[Start of Attachment]

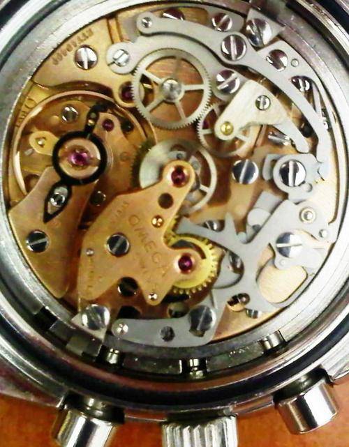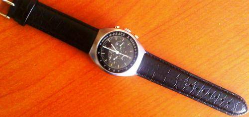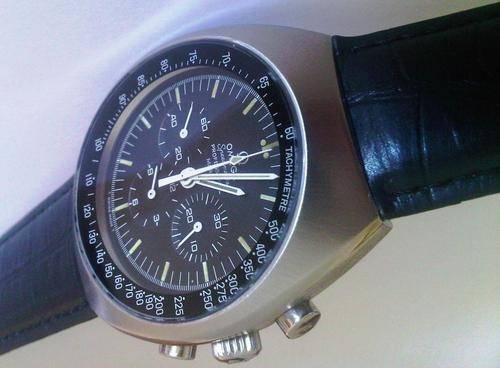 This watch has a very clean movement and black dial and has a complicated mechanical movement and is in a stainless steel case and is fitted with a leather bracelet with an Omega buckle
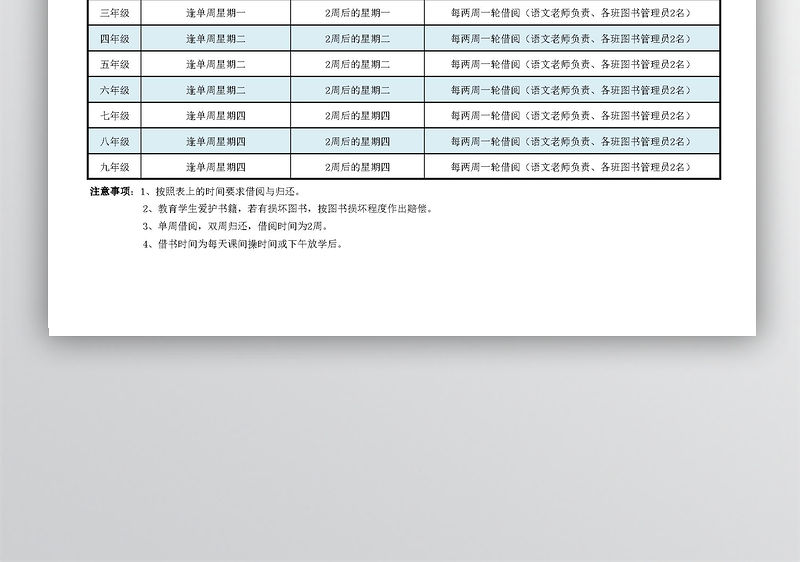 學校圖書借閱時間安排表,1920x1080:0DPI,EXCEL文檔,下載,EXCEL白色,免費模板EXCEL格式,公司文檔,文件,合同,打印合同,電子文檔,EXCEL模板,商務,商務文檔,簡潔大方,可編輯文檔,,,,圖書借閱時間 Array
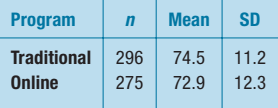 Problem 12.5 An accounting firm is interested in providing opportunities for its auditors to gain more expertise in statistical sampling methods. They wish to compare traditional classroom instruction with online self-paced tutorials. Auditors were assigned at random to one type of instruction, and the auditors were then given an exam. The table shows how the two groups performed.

[End of Attachment]

→ WHAT IS NEEDED
Your answer must be the lines from the line containing "學校圖書借閱時間安排表,19" through the final line of the data, written out exactly, both ends included and pictures left out.

→ RESULT OF THIS EXERCISE
 學校圖書借閱時間安排表,1920x1080:0DPI,EXCEL文檔,下載,EXCEL白色,免費模板EXCEL格式,公司文檔,文件,合同,打印合同,電子文檔,EXCEL模板,商務,商務文檔,簡潔大方,可編輯文檔,,,,圖書借閱時間 Array
 Problem 12.5 An accounting firm is interested in providing opportunities for its auditors to gain more expertise in statistical sampling methods. They wish to compare traditional classroom instruction with online self-paced tutorials. Auditors were assigned at random to one type of instruction, and the auditors were then given an exam. The table shows how the two groups performed.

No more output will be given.